# Pompano Success on Fly



## SupremeHair (Mar 8, 2014)

Some of our guys from Easternshore Fly Fishers got hot on Pompano last weekend during our Spring outing. I posted some of these pics as a reply in another thread but thought they were worth a thread... unless you object to pomp porn:shifty: Those are three different stringers - 20 pompano landed but Alabama has 3 fish limit. Let 9 go to fight another day.


----------



## countryjwh (Nov 20, 2007)

Yep. That's awesome


----------



## wtbfishin (Dec 2, 2011)

That's a heck of a catch for sure :thumbsup:. We're the fish sighted or blind casting?


----------



## LIM-IT-OUT (Aug 26, 2014)

Very cool and nice haul


----------



## SupremeHair (Mar 8, 2014)

wtbfishin said:


> That's a heck of a catch for sure :thumbsup:. We're the fish sighted or blind casting?
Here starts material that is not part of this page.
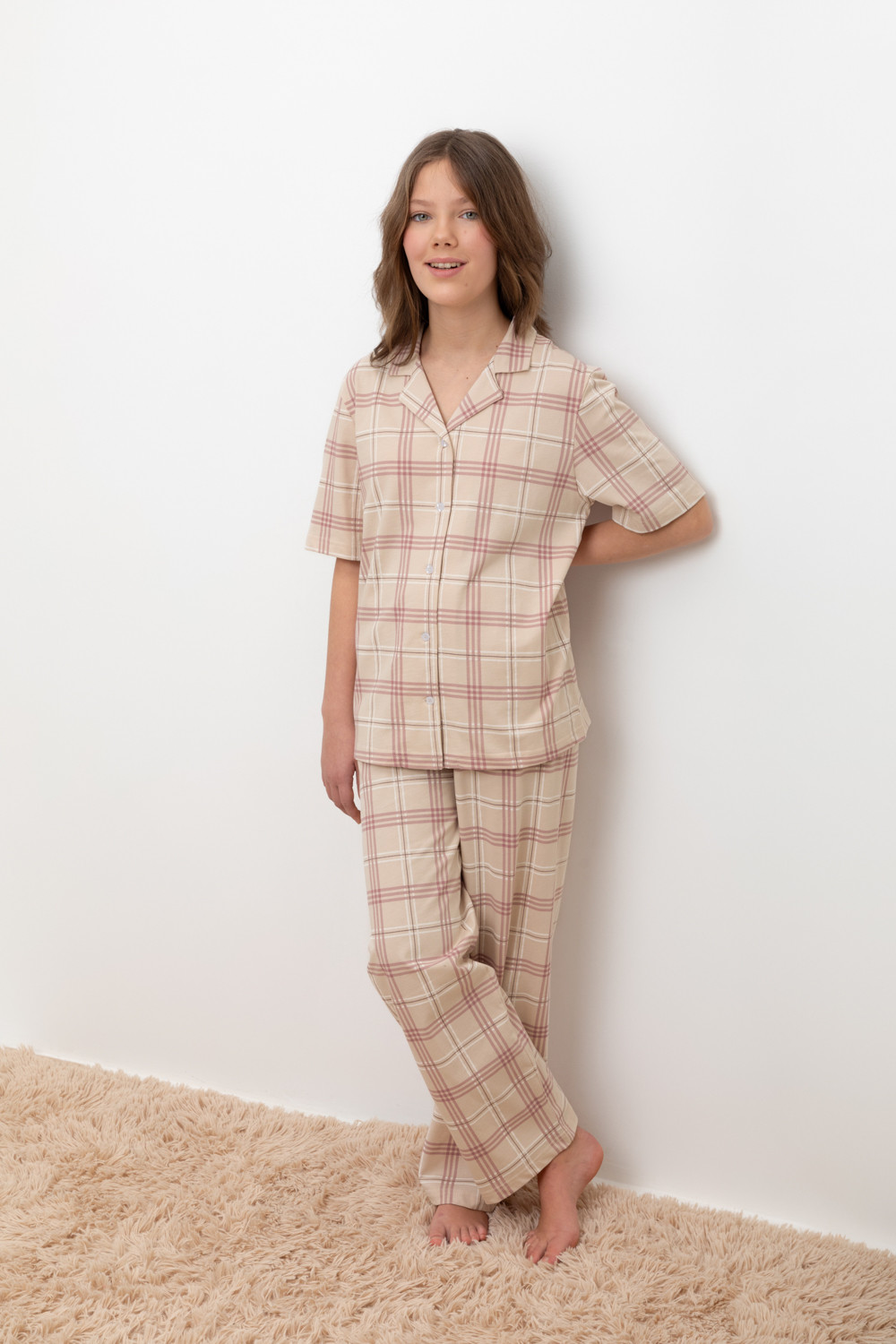 Трикотажный пижамный комплект из натурального хлопка. В комплекте рубашка с короткими рукавами и  застежкой на пуговицы. Прямые  брюки с удобным поясом на резинке. Оригинальная набивка выполнена из стойких, гипоаллергенных текстильных красителей. Все трикотажные полотна производятся в соответствии с нормами Швейцарского сертификата ЭкоТекс.

All blind casts while wading. A couple were hooked while casting at cruzing rays... pompano will follow them.


----------



## Sunshine17 (Dec 11, 2009)

I bet they are an awesome fight on a fly rod. Great report and pics. What were you trying to imitate with the flys? I couldent really tell from the pic.


----------



## wtbfishin (Dec 2, 2011)

SupremeHair said:


> All blind casts while wading. A couple were hooked while casting at cruzing rays... pompano will follow them.


Never picked one off a Ray that's interesting as I always throw at rays just for target practice. Picked up a little guy little over legal this morning so I counting it .


----------



## SupremeHair (Mar 8, 2014)

wtbfishin said:


> Never picked one off a Ray that's interesting as I always throw at rays just for target practice. Picked up a little guy little over legal this morning so I counting it .


Congrats - any pomp on fly is a good one. Nice Pic!


----------